BTIG downgraded Valeritas Holdings (NASDAQ:VLRX) to “neutral” from “buy” and removed its previous $10 price target after the company reduced its fourth quarter revenue guidance due to a temporary supply disruption and announced it is seeking strategic alternatives, including additional financing, a sale of the company, or a sale through a Chapter 11 process.
Shares of Valeritas plunged $1.01, or 61%, to close at 65 cents on Dec. 20 in heavier than normal trading. Analyst Marie Thibault writes that she believes the stock price represents “fair value.”
The company’s anticipated year-end cash balance of about $11-million is expected to last into February 2020, Ms. Thibault said. “We had previously flagged the need for capital, since this has been an overhang on Valeritas’ stock price for several quarters,” she added.

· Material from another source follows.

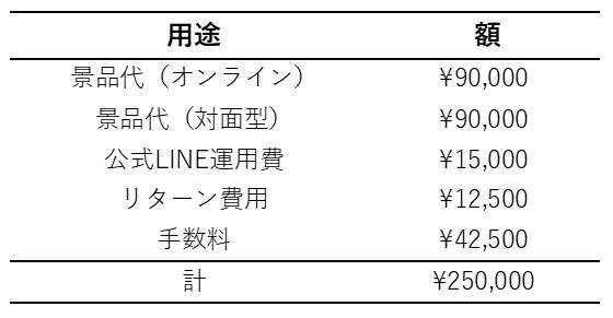 前述のとおり、皆さまにご支援いただいた資金は「イベント景品代」及び「東北大学部活動公式LINE運用費」に利用させていただきます。内訳は以下の通りです。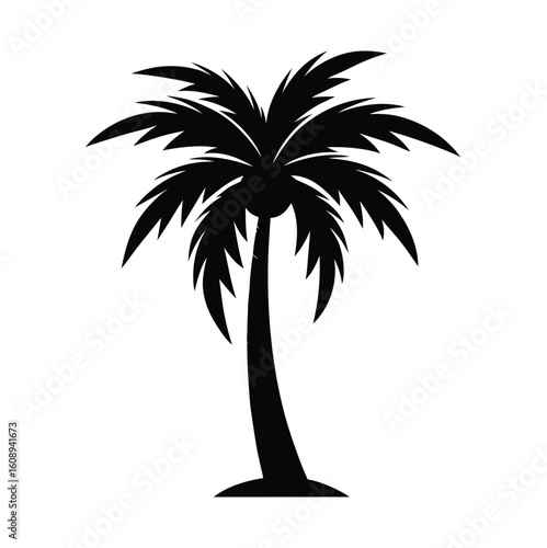 palm tree, silhouette, black, white background, tropical, tree, nature, icon, vector, illustration, isolated, summer, beach, island, plant, leaf, frond, botanical, organic, simple, graphic, design, element, symbol, zen, minimalist, clean

“With the cut to its revenue outlook, uncertain timeline for resolution of the supply disruption, and expected impact into the first quarter of 2020, the company’s future becomes murkier, in our view, making additional financing less likely,” Ms. Thibault said. “We believe that the most likely scenario is sale through Chapter 11 or a deeply discounted sale to an acquirer for the V-Go and h-Patch assets.” V-Go and h-Patch are medical devices for diabetes patients.